WHAT THE TASK REQUIRES: The reply is a verbatim copy of the listing below with its images dropped.

DATA SHOWN:

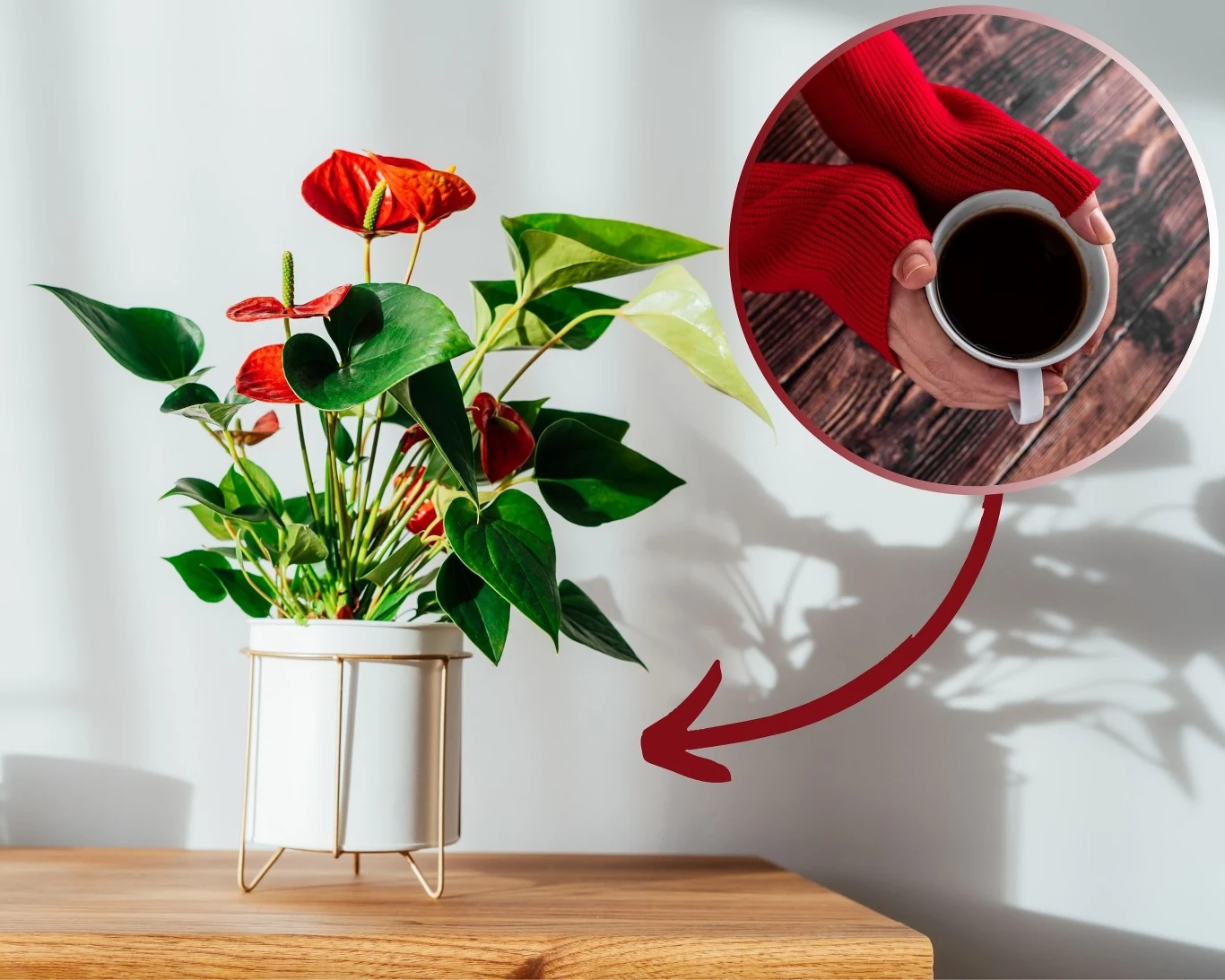 Wiele osób wie, że rośliny doniczkowe — w tym również anturium — warto nawozić fusami z kawy. To idealna odżywka do kwiatów kwasolubnych, która wzmocni również skrzydłokwiaty, krotony czy storczyki. W domach czy firmach, w których wypija się dużo kawy, łatwo o fusy, które należy wymieszać z ziemią, by nie spleśniały. Można także zalać 1-2 łyżeczki kawy wodą i poczekać aż ziarna spęcznieją. Gdy się to stanie, przecedzamy je przez sitko, a rośliny podlewamy samym płynem.
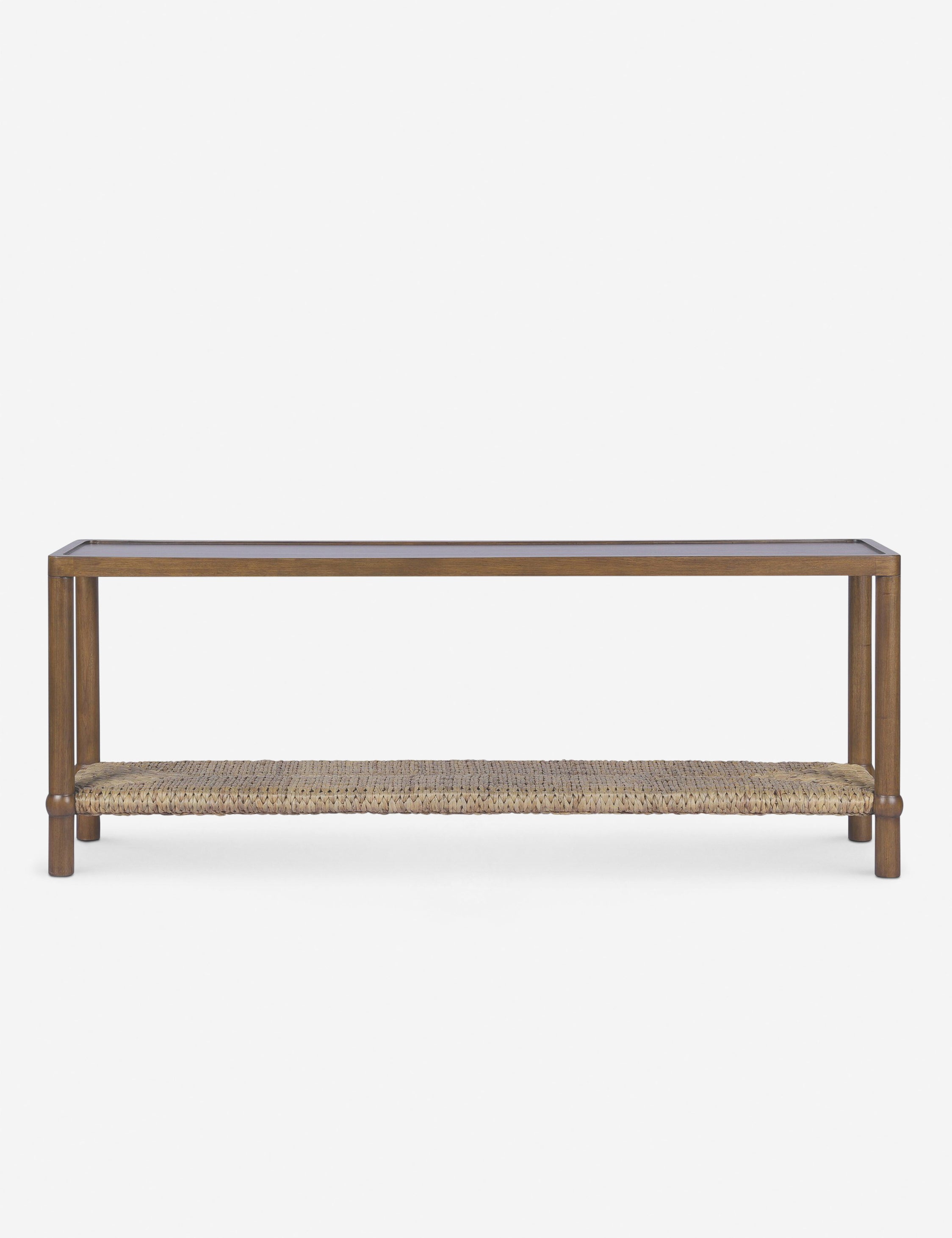 Brown Wood and Metal Console Table with Woven Shelf
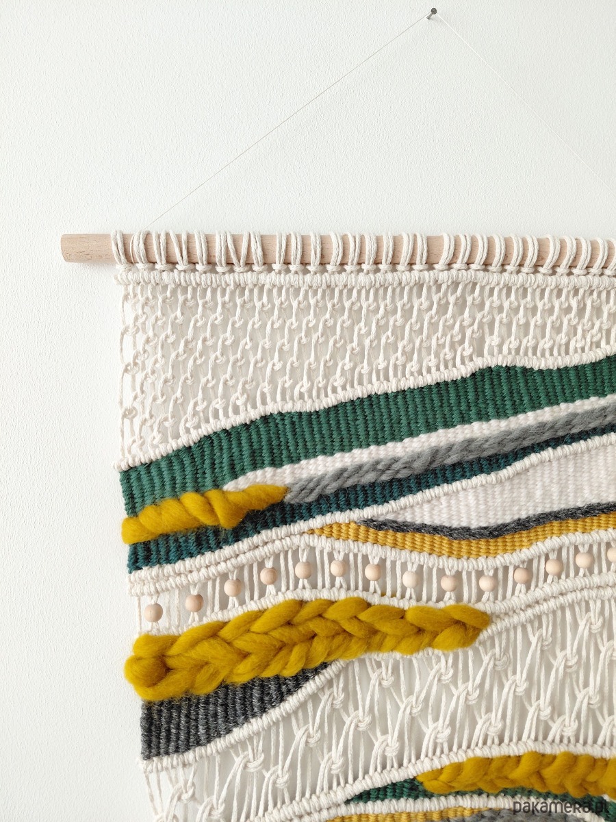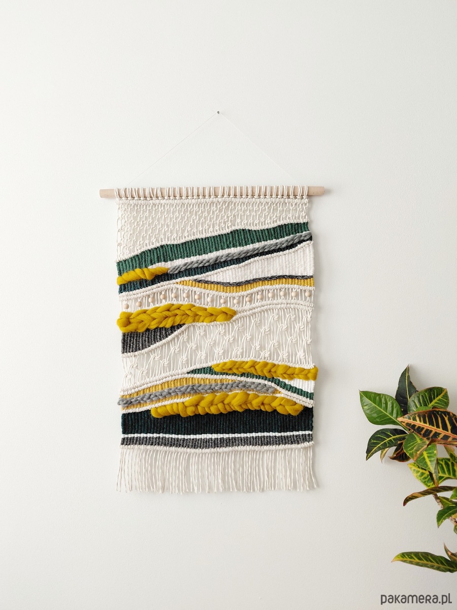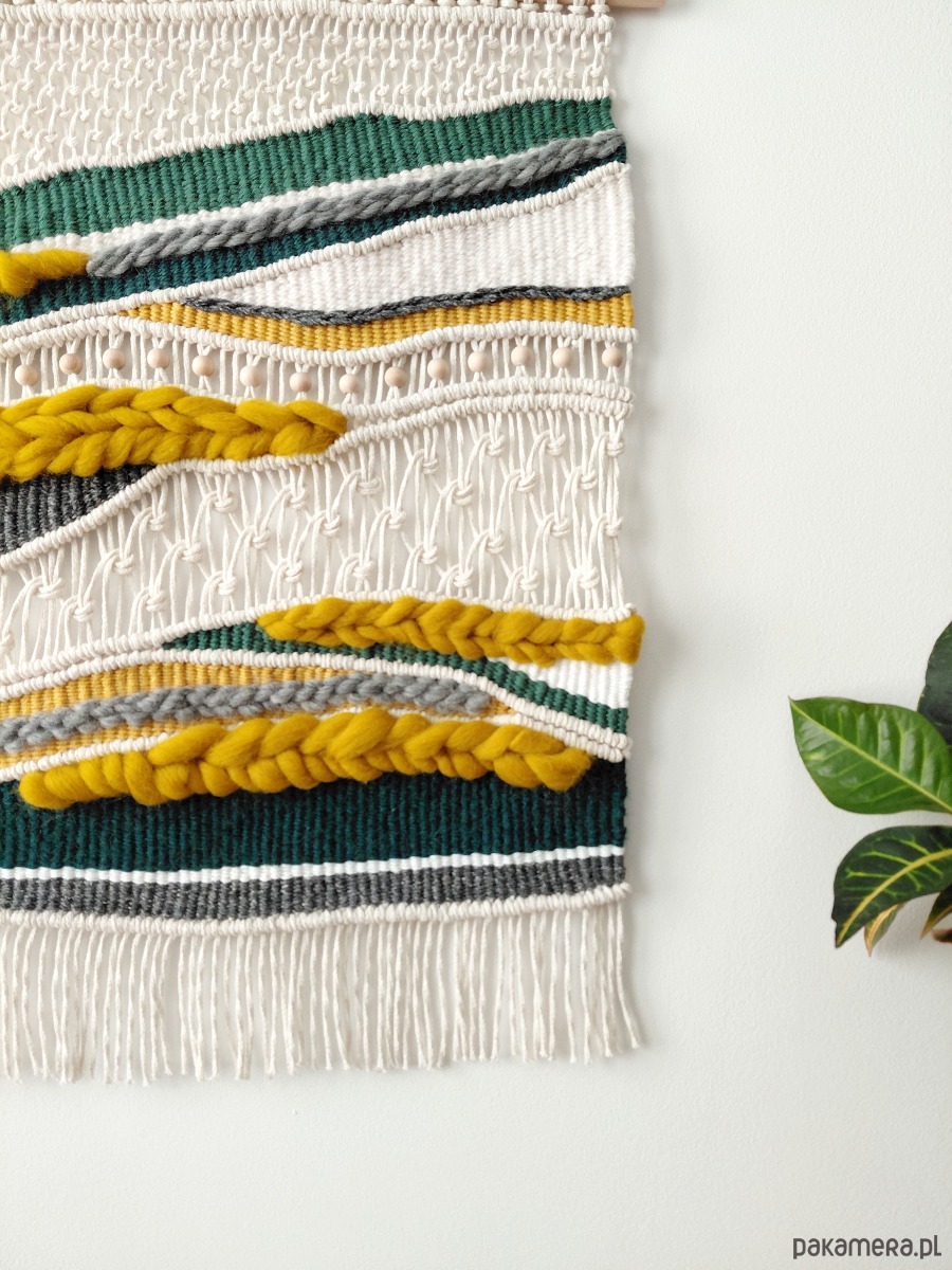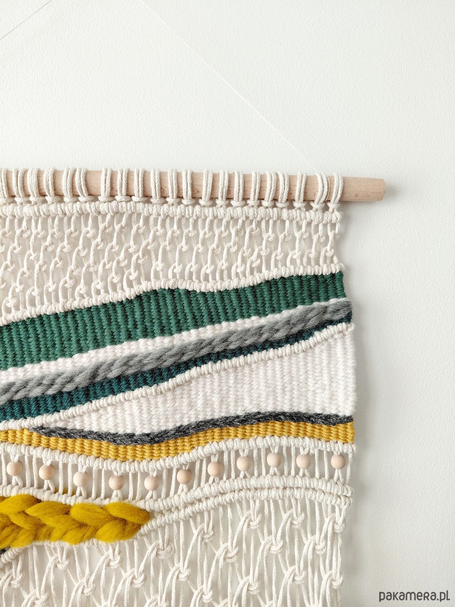 Dekoracja ścienna wykonana techniką macraweave, będącej połączniem makramy i gobelinu.
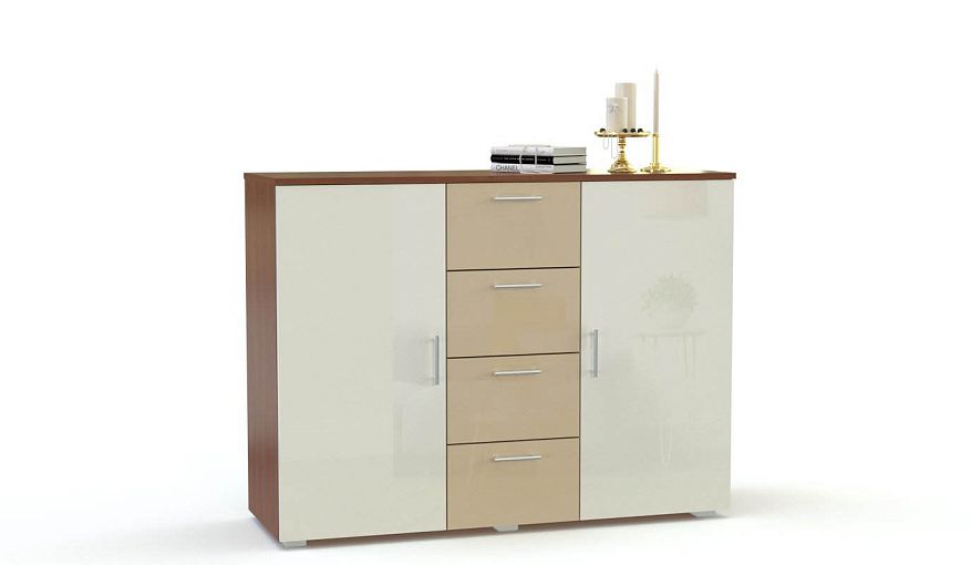Комод Элегия 2 BMS станет элементом дизайна в интерьере современной спальни или гостиной. Глянцевая модель сочетает в оформлении фасада белый и нежную ваниль, а корпус выполнен в светлых древесных тонах. Ряд из четырех выдвижных ящиков дополнен расположенными по бокам распашными отделениями с полками, широкая столешница разместит книги, предметы декора и необходимые под рукой мелочи. Купить комод Элегия 2 BMS с выбором цвета и фурнитуры по каталогу вы сможете в нашем интернет-магазине.

WRITTEN RESPONSE:
 Wiele osób wie, że rośliny doniczkowe — w tym również anturium — warto nawozić fusami z kawy. To idealna odżywka do kwiatów kwasolubnych, która wzmocni również skrzydłokwiaty, krotony czy storczyki. W domach czy firmach, w których wypija się dużo kawy, łatwo o fusy, które należy wymieszać z ziemią, by nie spleśniały. Można także zalać 1-2 łyżeczki kawy wodą i poczekać aż ziarna spęcznieją. Gdy się to stanie, przecedzamy je przez sitko, a rośliny podlewamy samym płynem.
 Brown Wood and Metal Console Table with Woven Shelf
 Dekoracja ścienna wykonana techniką macraweave, będącej połączniem makramy i gobelinu.
Комод Элегия 2 BMS станет элементом дизайна в интерьере современной спальни или гостиной. Глянцевая модель сочетает в оформлении фасада белый и нежную ваниль, а корпус выполнен в светлых древесных тонах. Ряд из четырех выдвижных ящиков дополнен расположенными по бокам распашными отделениями с полками, широкая столешница разместит книги, предметы декора и необходимые под рукой мелочи. Купить комод Элегия 2 BMS с выбором цвета и фурнитуры по каталогу вы сможете в нашем интернет-магазине.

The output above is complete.